> _PROVIDED MATERIAL_:
================================

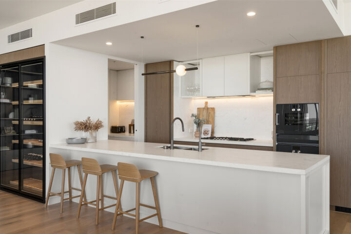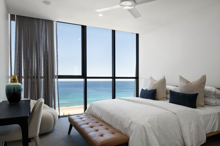 The resident’s amenities include a large resort pool, spa, steam and sauna rooms, gym, yoga space, bike storage, recreation deck, executive lounge and concierge services. Level 25 provides residents with an exclusive club comprising a wine cellar, private dining rooms, kitchen, beautifully appointed library, lounge and media room. Above, a deluxe top floor offers impressive 360-degree views of the Gold Coast.
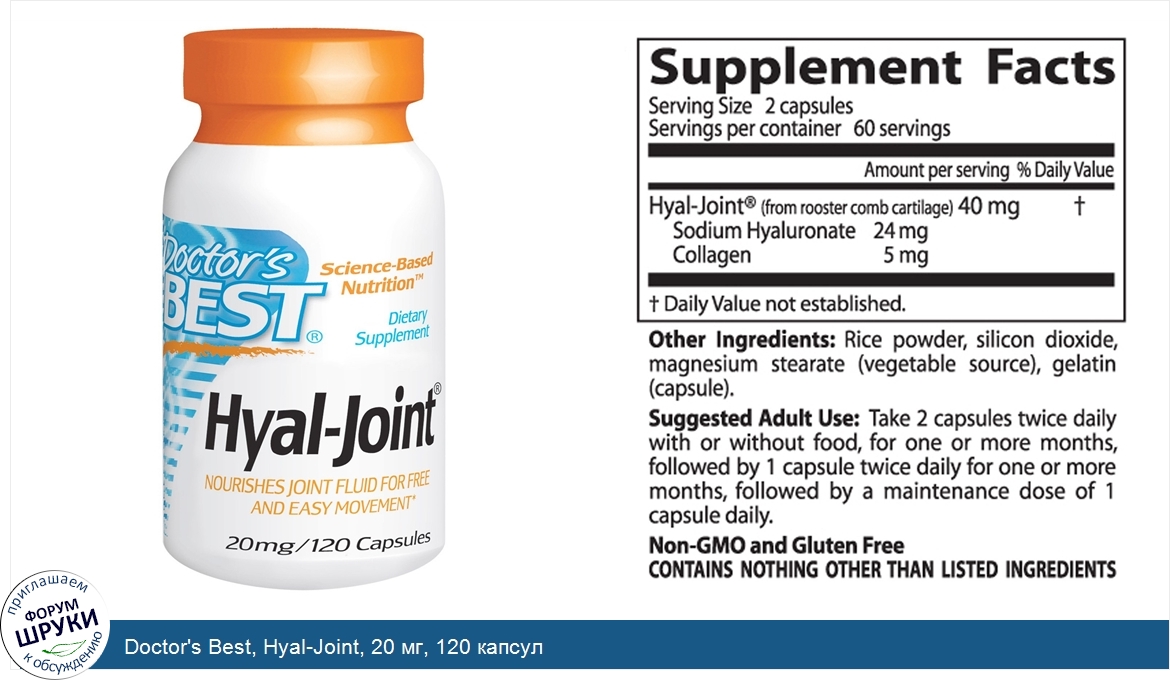 Друзья, если у вас есть отзыв/дополнение/комментарий/вопрос относительно Doctor's Best, Hyal-Joint, 20 мг, 120 капсул - напишите его ответом в эту тему (это будет полезно всему сообществу в целом и вам в отдельности).
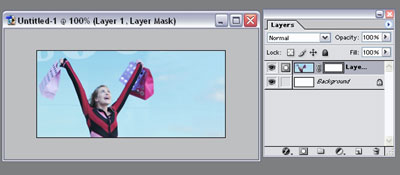 一个小技巧:你可以用任意的颜色来填充背景层,由于层遮照会使图像的一部分变透明,所以背景颜色也会显示出来,这样图像看起来会更生动。

================================

> _YOUR INSTRUCTIONS_: Once the images are removed, print the remaining data exactly as it appears above.

> _OUTPUT OF THE TASK_:
 The resident’s amenities include a large resort pool, spa, steam and sauna rooms, gym, yoga space, bike storage, recreation deck, executive lounge and concierge services. Level 25 provides residents with an exclusive club comprising a wine cellar, private dining rooms, kitchen, beautifully appointed library, lounge and media room. Above, a deluxe top floor offers impressive 360-degree views of the Gold Coast.
 Друзья, если у вас есть отзыв/дополнение/комментарий/вопрос относительно Doctor's Best, Hyal-Joint, 20 мг, 120 капсул - напишите его ответом в эту тему (это будет полезно всему сообществу в целом и вам в отдельности).
 一个小技巧:你可以用任意的颜色来填充背景层,由于层遮照会使图像的一部分变透明,所以背景颜色也会显示出来,这样图像看起来会更生动。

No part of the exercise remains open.